Lushington Rd. Eastbourne

12 July 2016
The other day I called over to see my friend Mark, who has a varied and fascinating Carroll collection, biased, I'd say, towards the fine arts. When I arrived, he already had two visitors, Seiko Kusuda and Atsuko Sudo. Seiko is a well known artist in Japan, and I've mentioned her work before, (a couple of examples here) but this was her first visit to the UK. She'd come with Atsuko, her friend and editor, and they'd been on a whistlestop tour of the country, looking for Carrollian inspiration. They'd gone to Christ Church, Oxford, where they had attended a course run by Edward Wakeling (I've also mentioned him a few times - like here - when he commented on an unpublished Carroll poem). They had also travelled up to Daresbury, where Lewis Carroll was born.

And finally, here they were in London, with their flight departing that evening, still with the V & A museum to see. They were looking over Mark's vintage postcard albums featuring Lewis Carroll's many theatrical friends, and vintage Alice productions of long ago.
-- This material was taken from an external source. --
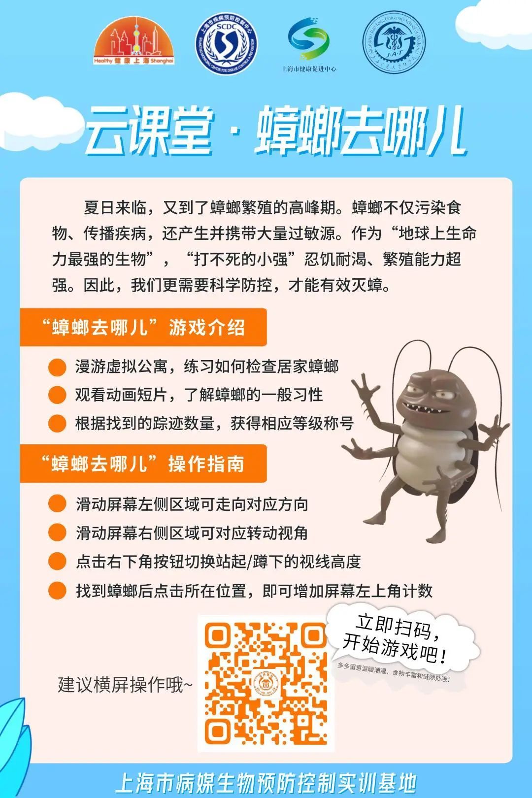 本市启动今年夏季第二次蚊虫集中控制周活动,夏季灭蟑同步开展。市爱卫办等特别举办夏季居家病媒生物防制宣传活动,市病媒生物防制实训基地发布“居家病媒生物防制之蟑螂在哪儿”互动游戏课程。全社会行动起来,共同防制虫害,健康安心度夏。

There were any number of "Alice" character costumes to be seen in the postcards, and it did also seem that Carroll knew lots of rather successful and good looking young women who smiled winningly out of their postcards. I'm always sorry I never saw his own album of postcards - I have no doubt some of these cards appeared in that too - but his album is one of the many possessions which have now disappeared without trace.

Seiko and Atsuko were very charming and friendly. Seiko doesn't speak fluent English, but she gave me some presents of her work, including some pretty postcards and what I thought was something very original - several exhibition flyers which had been printed in different versions to include small pop ups of different Alice characters.









I've never seen anything like this before, Seiko is a collector, and so I think she knows the kind of things collectors like.

Among her photos was one of a carving she'd spotted in Oxford Cathedral, which really did bear a resemblance to the Jabberwock - the monster in the famous poem. This carving is not something I have seen mentioned before, but Carroll would certainly have noticed it. In my opinion, it's more likely to have inspired him with the Jabberwock than the gnarled "Jabberwocky Tree" which the Christ Church porters are always so keen to point out to visitors!

There are, of course, other possibilities - many people in the Northeast think that Carroll was inspired by the Lambton Worm

Lambton Worm I think that's a bit less likely because we don't know if he even saw any pictures of the Lambton Worm, whereas he'd have had the chance to see the Oxford Cathedral carving innumerable times.

Anyhow, the image from Oxford could turn up in one of Seiko's next postcards... and if it does, I'll be sure to write about it here.